AckWait Is a Contract: How a 30-Second Default Took Down My JetStream Consumer

I lost an evening to a NATS JetStream pull consumer that doubled its work in production. The cause was three lines of ConsumerConfig I never wrote. These are my notes on what AckWait actually counts, why MaxDeliver = -1 is the silent footgun, and the 70-line Go contract I now ship on every JetStream consumer.
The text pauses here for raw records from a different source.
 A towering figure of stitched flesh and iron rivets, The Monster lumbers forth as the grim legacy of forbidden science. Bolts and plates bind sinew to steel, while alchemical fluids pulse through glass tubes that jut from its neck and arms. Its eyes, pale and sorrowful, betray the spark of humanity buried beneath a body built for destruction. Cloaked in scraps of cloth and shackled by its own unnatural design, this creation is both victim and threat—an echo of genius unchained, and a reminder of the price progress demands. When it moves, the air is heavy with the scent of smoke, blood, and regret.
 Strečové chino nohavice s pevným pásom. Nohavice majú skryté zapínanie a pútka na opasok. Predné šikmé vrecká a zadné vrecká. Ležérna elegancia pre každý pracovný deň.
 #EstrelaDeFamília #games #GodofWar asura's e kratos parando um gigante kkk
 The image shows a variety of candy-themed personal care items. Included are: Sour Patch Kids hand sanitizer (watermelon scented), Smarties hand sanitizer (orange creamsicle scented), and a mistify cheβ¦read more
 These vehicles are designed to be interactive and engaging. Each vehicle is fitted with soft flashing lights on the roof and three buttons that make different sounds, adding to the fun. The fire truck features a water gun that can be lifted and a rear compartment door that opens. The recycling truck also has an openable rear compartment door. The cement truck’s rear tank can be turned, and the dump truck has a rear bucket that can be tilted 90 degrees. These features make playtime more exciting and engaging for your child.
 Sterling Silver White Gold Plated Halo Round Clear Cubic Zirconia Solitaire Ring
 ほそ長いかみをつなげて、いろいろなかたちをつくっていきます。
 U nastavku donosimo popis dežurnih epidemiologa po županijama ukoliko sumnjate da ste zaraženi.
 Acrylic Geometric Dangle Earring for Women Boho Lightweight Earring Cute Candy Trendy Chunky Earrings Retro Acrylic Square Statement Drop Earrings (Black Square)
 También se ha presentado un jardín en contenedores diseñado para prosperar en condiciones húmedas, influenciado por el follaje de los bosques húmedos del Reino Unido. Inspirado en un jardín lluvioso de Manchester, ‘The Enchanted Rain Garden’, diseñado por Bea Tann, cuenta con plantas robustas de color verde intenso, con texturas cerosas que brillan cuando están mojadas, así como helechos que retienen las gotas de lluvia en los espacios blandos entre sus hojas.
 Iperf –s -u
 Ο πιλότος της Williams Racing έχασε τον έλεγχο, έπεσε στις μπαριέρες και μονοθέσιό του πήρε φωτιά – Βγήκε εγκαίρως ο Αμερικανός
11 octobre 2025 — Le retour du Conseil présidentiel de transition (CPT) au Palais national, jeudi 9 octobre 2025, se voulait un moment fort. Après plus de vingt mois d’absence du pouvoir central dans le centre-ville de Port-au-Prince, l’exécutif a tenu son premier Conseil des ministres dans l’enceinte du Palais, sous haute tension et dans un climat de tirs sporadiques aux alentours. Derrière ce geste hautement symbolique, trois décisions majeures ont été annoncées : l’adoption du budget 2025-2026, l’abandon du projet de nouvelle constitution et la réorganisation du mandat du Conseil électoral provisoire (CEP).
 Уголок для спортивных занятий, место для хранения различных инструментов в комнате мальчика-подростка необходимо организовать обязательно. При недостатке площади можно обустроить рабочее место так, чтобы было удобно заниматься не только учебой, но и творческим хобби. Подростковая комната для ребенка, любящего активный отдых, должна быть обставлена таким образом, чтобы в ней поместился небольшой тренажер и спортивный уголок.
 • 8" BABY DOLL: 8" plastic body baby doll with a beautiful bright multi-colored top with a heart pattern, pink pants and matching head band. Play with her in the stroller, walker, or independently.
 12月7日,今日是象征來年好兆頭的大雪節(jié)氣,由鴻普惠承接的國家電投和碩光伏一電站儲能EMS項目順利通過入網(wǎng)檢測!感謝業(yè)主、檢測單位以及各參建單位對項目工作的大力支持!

Tiarê Balbi BonaminiSoftware Engineer · Vancouver
2/4

I lost an evening to a NATS JetStream pull consumer that looked correct in every test and silently doubled its work in production. The pattern was the same every time: the consumer would process a message, the work would take 31 seconds instead of 28, and a second copy of the same message would arrive while the first was still in flight. Within a minute, a single payment-processing message had been delivered four times, twice to the same goroutine.

The cause was three lines of ConsumerConfig that I had not written. JetStream's defaults are aggressive in a way that only matters when work is slow, and I had been treating the defaults as harmless absence rather than as policy.

This post is what I worked out about JetStream's pull-consumer ack model in the modern nats.go/jetstream package: which timer counts what, which ack call resets it, and the smallest set of ConsumerConfig fields I now treat as a non-negotiable contract on every consumer I deploy.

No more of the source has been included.